The problem:
If an entry contains a picture, omit that picture and transcribe everything else exactly.

Entries supplied:
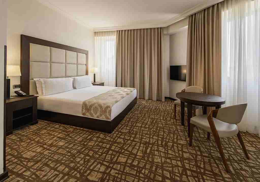 هتل نشنال ارمنستان (Hotel National Yerevan) با حدود ۷۵ واحد اقامتی شامل اتاقها و سوئیتهای لوکس، یکی از بهترین گزینهها برای مسافران خاصپسند در ایروان محسوب میشود. این اتاقها با الهام از سبک کلاسیک اروپایی طراحی شدهاند و ترکیب رنگهای طلایی، بژ و قهوهای، فضایی گرم و باشکوه ایجاد کرده است.
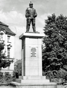 Bevölkerung vertrieben und deutsche Denkmäler abgerissen. Die Bronze-Figur des Soldaten
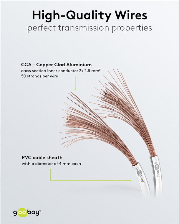 • Lautsprecherkabel mit hochwertiger Litze (CCA: Copper Clad Aluminium) für gute Übertragungseigenschaften z. B. zwischen Hi-Fi-Anlage und Lautsprecher
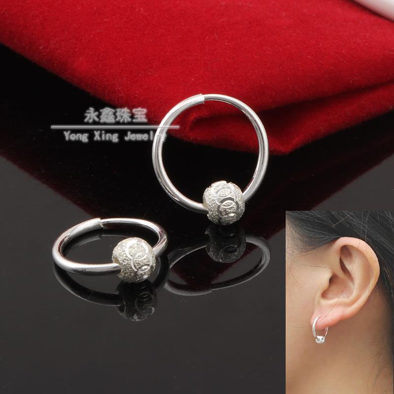 正宗全银通体足银9999耳环纯银耳圈女款转运珠圆圈气质耳饰女继灿
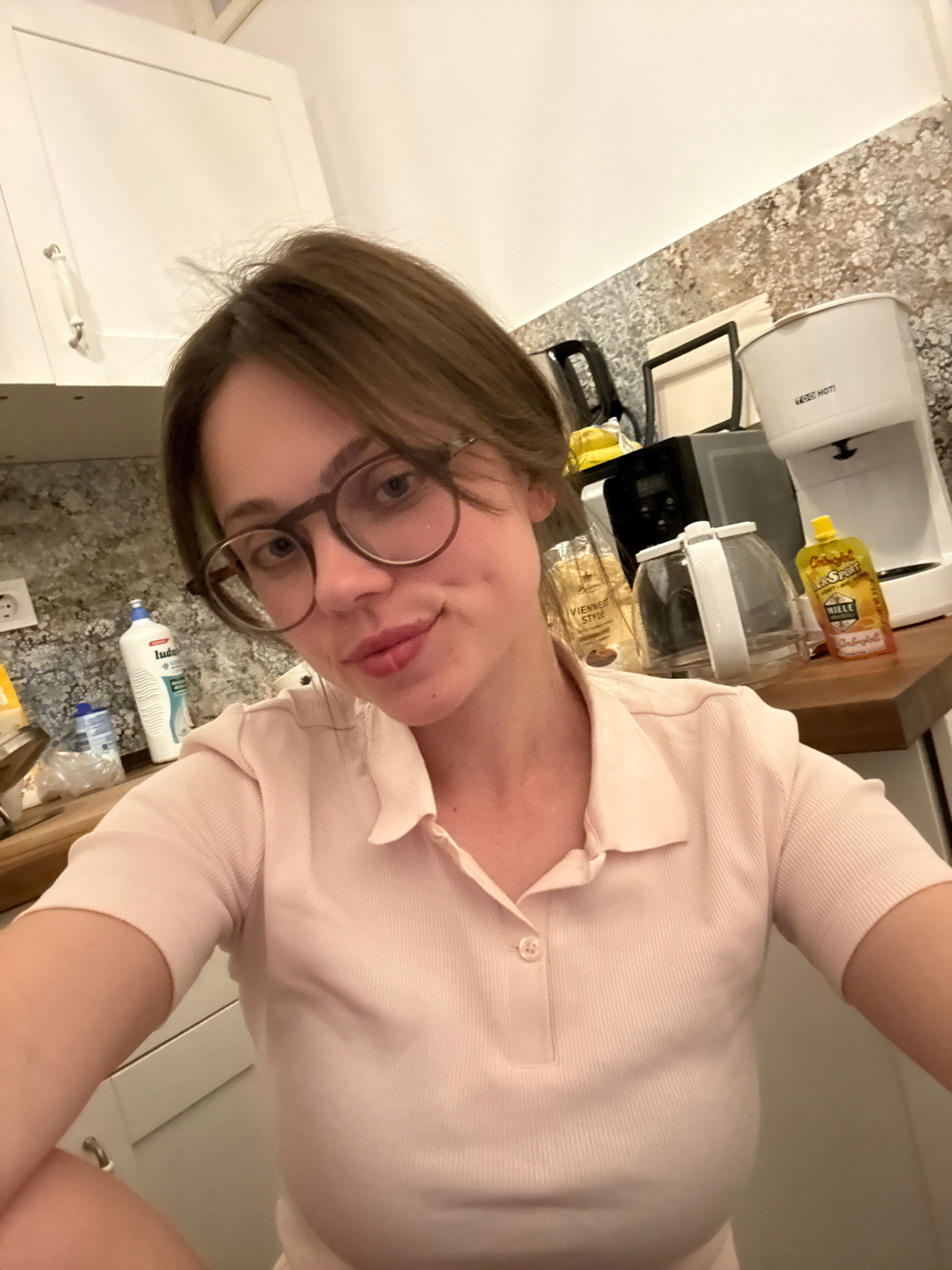 A young woman with shoulder-length brown hair and round glasses is captured in a close-up selfie, taken from a slightly low angle. She wears a light pink short-sleeved polo shirt and has a subtle, pla…read more
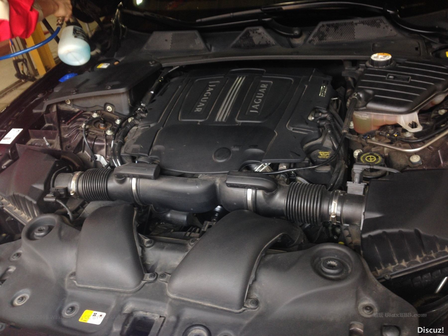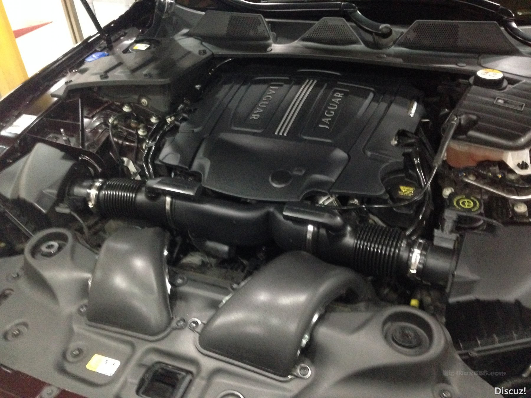 下面看看清洁完发动机舱和处理完漆面,打上zymol JAGUAR WAX

Completed exercise:
 هتل نشنال ارمنستان (Hotel National Yerevan) با حدود ۷۵ واحد اقامتی شامل اتاقها و سوئیتهای لوکس، یکی از بهترین گزینهها برای مسافران خاصپسند در ایروان محسوب میشود. این اتاقها با الهام از سبک کلاسیک اروپایی طراحی شدهاند و ترکیب رنگهای طلایی، بژ و قهوهای، فضایی گرم و باشکوه ایجاد کرده است.
 Bevölkerung vertrieben und deutsche Denkmäler abgerissen. Die Bronze-Figur des Soldaten
 • Lautsprecherkabel mit hochwertiger Litze (CCA: Copper Clad Aluminium) für gute Übertragungseigenschaften z. B. zwischen Hi-Fi-Anlage und Lautsprecher
 正宗全银通体足银9999耳环纯银耳圈女款转运珠圆圈气质耳饰女继灿
 A young woman with shoulder-length brown hair and round glasses is captured in a close-up selfie, taken from a slightly low angle. She wears a light pink short-sleeved polo shirt and has a subtle, pla…read more
 下面看看清洁完发动机舱和处理完漆面,打上zymol JAGUAR WAX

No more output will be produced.